Travel blogs

#1

I’m not a travel freak. In fact, I’d prefer, if not anything else, not to travel at all. But sometimes, you’re not exactly given a choice. Once in a while, I am grateful for this insufficiency.

I’ve decided to share some of my experiences traveling because I’ve learned a ton outside of my home. While I’d like any day to sit at home with a storybook and some curd rice, I have to admit that traveling has been quite the experience for me every now and then.

Hence, my first excerpt – The farm.

Grass, coconuts, and dung

With obvious sluggishness written on my face, I loaded the bags onto the rear of the car and got on. Although I was to travel to the farm with many of our friends’ families, I wasn’t particularly thrilled about the idea of leaving home for two days. We were going to a farm that one of my mom’s friends owned. It was located on the outskirts of our city.

On reaching the place, I looked around. They had an amazing farmhouse and a large field where they grew paddy and other crops depending on the season. The first day passed with us taking a stroll around the place, learning new things about the seasonal nature of crops, and eating the incredible biryani that aunty made. That evening, as I was running around with the doggos, I passed by the outhouse beside which we’d parked all the vehicles. Two young girls who looked around my age were doing something outside it. What I didn’t know then was how big an impact they were about to make on me.

Dusk was fast approaching. While we were sitting on the balcony, I was asked to sing everyone a song. As I was turned away from the door, I didn’t notice the girls come in. They stayed and listened through the entire song, and then enthusiastically complimented me afterward. Flattered, I followed them out the door as they walked back to their house. I was enraptured by a sequence of things about them, namely how perfectly thin they were, how they could do so many things being so young, among others. I mean, the girls knew how to work a tractor!

‘No one is useless in this world who lightens the burdens of another’ – Charles Dickens

The second day of our stay at the farm was the younger girl’s birthday. I had a pair of new earrings that I’d gotten on the trip. I didn’t think twice about giving them to her. After all, we’d talked through the previous evening, and I’d found myself fast friends.
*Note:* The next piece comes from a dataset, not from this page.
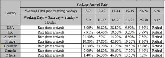 - يعتمد وقت التسليم على ناقل الشحن والجمارك وإرسال الوجهة وعوامل أخرى. يمكن استلام معظم الطرود في 20 يوم عمل (4 أسابيع). انظر أدناه لجمع وقت التسليم للبيانات الكمية:

That afternoon, as I descended the rung of steps, I noticed the younger girl starting the scooter, and asked her where she was going. She said she was going out to get some eggs. I asked her if I could come with, and posthaste, we were traversing unweathered rural roads with the wind smack on our faces.

I asked her many things on the way to the egg store. “Aren’t you afraid of going such a big distance all by yourself?” She shook her head no. “This is my home, why would I be afraid? I know my townsfolk, they know me too.” I wished that the city could be just as safe too. These small villages were a closely-knit family, and the inhabitants were lucky to be part of it, whether they realized it or not. “Have you been anywhere in the city?” She shook her head again. “I’ve been to the other villages around my area, but never into the big city.” I was slowly amusing myself, but I didn’t want to leave this small farm town. That’s what traveling did to me sometimes; I didn’t want to come, but if I loved it, I didn’t want to go.

On reaching a tiny shrubbery, I was asked to get off the bike – we couldn’t use the bike anymore. I realized that the egg store was in fact not a store at all – one of the women living in the town grew chicken, and she sold her eggs to get extra income for herself. I watched captivated as the girl and the woman had an animated conversation, and the end result of this was two dozen eggs. The girl said she’d give the woman her money at the end of the month, and we left. Everyone in and around the place had eyed me curiously. They had been so nice to someone they hardly knew. They offered me something to eat even though they didn’t know whether they’d have anything on their plate for their next meal.

Back at the farmhouse, I was feeling light. Somehow, these modest people had taught me something no lesson could. They were more than happy with what they had. And they stayed with each other through it all. Selflessness and the ability to be content were something urban people could perhaps only strive for. I mean, less the luxury, more the value. If you’re given too many choices, you end up exercising none – you only want that fifth choice that isn’t an option. But if you have ONE choice, you use that to the best of your abilities. As I cycled down the same path that evening, I reflected upon these things. I smiled at the people I had befriended that day – my friends were surprised.

How had I made friends so easily? The answer was that there is nothing called ‘making friends’. That’s bogus. Friendships are formed simply with a hello or a smile. That foundation can only be laid when people put their separateness apart. And this, I learned from my friends at the farm. I didn’t want to leave them the next day – I didn’t want to depart from Anandi and Subbu, our dog buddies, from the routine coconut water breaks, and from the candor that less choice presented. The interesting thing is that travel did that to me.